На крючке - Виктор Козько 9 стр.


Только пристал к каравайно-запашистому причалу. Сделал первый пробный заброс, как небо сошлось с землей. И было непонятно, откуда берется и грохочет гром, где прячутся блесковицы-молнии. Грозе, громам и молниям, казалось, нет и щели пролезть между водой и тучами. Только ветер пронзал земную, воздушную и водную скрепь. Такой ветрище, что донские волны перекатывались через причал, достигали флага наблюдательной погрузочной будки. Язям явно было не до халявной пшеницы, меня и моих удочек. Но я не горевал. После утреннего возбуждения такая ночь была мне только на руку. Это была моя ночь, моя погода, как, наверно, и сома. Сквозь вихри и смерчи он прощально приветствовал меня. Потому что утром я покидал его и Дон. Мы хорошо запомнили и всласть потешили друг друга. И сейчас он без натяжки может засвидетельствовать: где-то все же есть человек, а я - где-то есть сом. Мой сом.

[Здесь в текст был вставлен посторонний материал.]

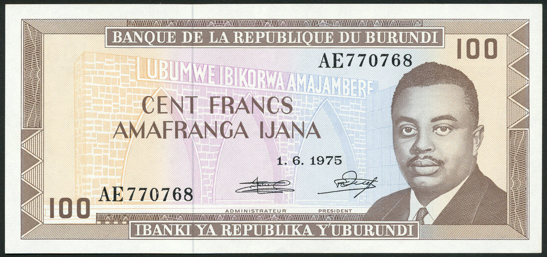 (x) Banque de la Republique du Burundi, 10 francs (2), 1968,1970, red, green and blue, Place de la Revolution monument at centre, 20 francs, 1973, violet and green, dancing warrior, 100 francs, 1975, brown, Prince Louis Rwagasore at right
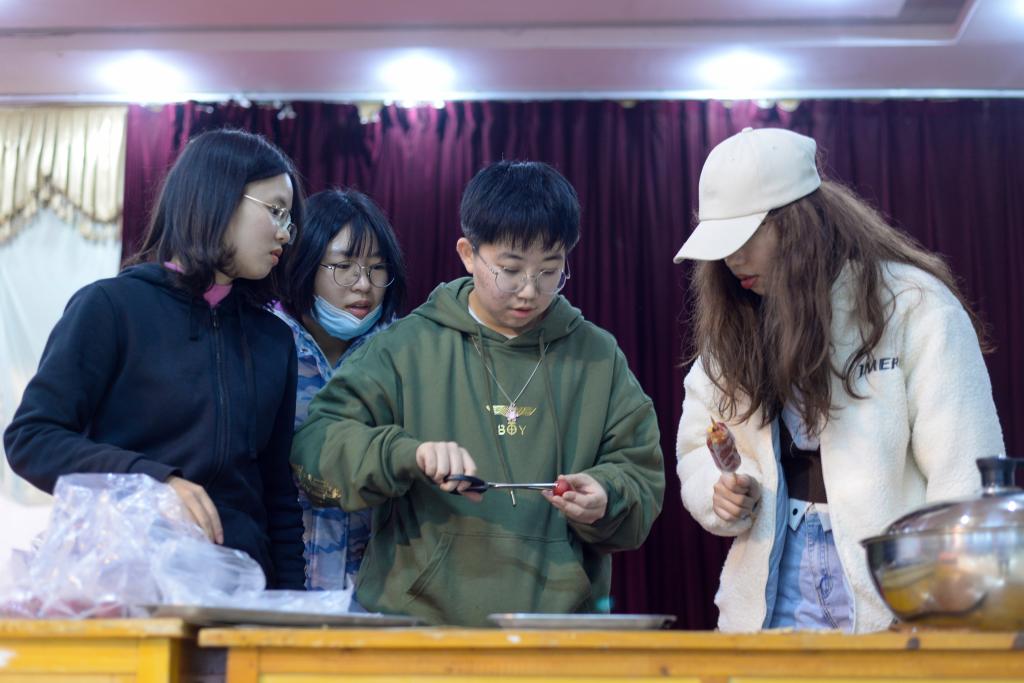 砂糖入锅,在炉上烹煮至沸腾,琥珀色糖衣裹住山楂,橘瓣……11月28日晚,校美食协会在A级内射毛片免费的问津食堂二楼成功举办美食协会新会员破冰见面会。为了向新会员们展示美食协会的活动精髓,见面会现场支起了冰糖葫芦小摊,糖香满溢。
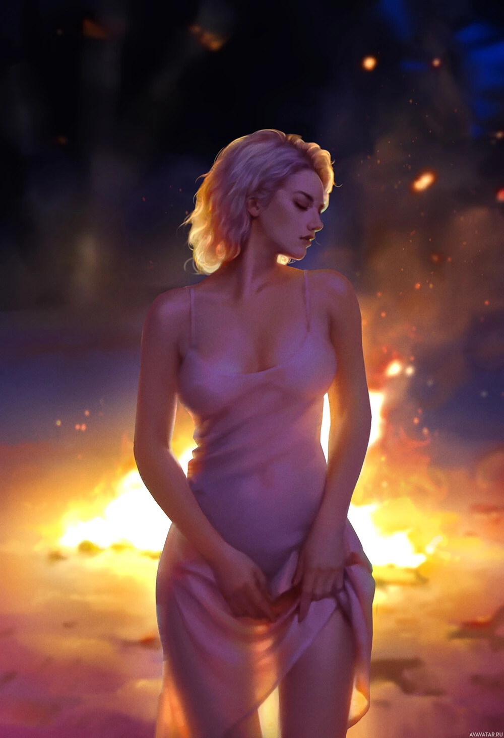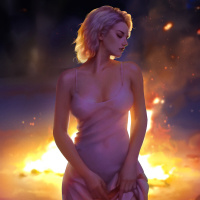На картинке изображен персонаж женского пола с белыми волосами и закрытыми глазами. Кажется, что она стоит на огненном фоне, что может свидетельствовать о том, что она находится в опасной или конфликтной ситуации. Поза персонажа и окружающие элементы создают атмосферу напряженности и драматизма. Важно отметить, что это описание основано на приведенных ключевых словах и не содержит какого-либо спекулятивного или вымышленного содержания.
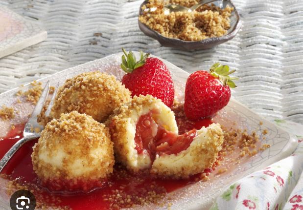 a dovnútra jahody cerstvé obalené v cukre......
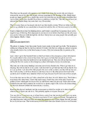 sleeping, they tell me that he is in a coma. I ask them how he got hurt and they tell me that he was
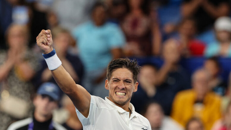 Argentina's Sebastian Baez celebrates victory over USA's Taylor Fritz at their men's singles match during the United Cup tennis tournament in Perth on January 3, 2026. (Photo by Antony DICKSON / AFP) / --IMAGE RESTRICTED TO EDITORIAL USE - STRICTLY NO COMMERCIAL USE--

Пролетарский карп на панстве

Все знают, что карась любит, чтобы его жарили в сметане. Карпу же более по нраву быть фаршированным. Общеизвестно это еще со времен царя Гороха, когда тот, еще не фаршированный, живой карп, в магазине и на базаре стоил девяносто копеек килограмм. Но мелкий. А вот за рубль двадцать - большой. Можно сказать даже - крупный. Карась также, исходя из размеров, оптом и в розницу - на круг шел по шестьдесят копеек и чуть больше. Жил же царь Горох. Да и люди вокруг него. Уважали природу и рыбу.

На большого карпа был и большой спрос. Особенно на золотистого. Не такой, конечно, как на туалетную бумагу, в те же гороховы времена, но все же. Карпов хватало всем. Давать его - тогда так уж было заведено, все только давали, а не продавали. Обычно по осени, когда он аккурат подходил, поспевал под фарширование. И каждая его чешуйка, кстати, также крупная - как золотая звезда на груди вождя и генерального секретаря компартии.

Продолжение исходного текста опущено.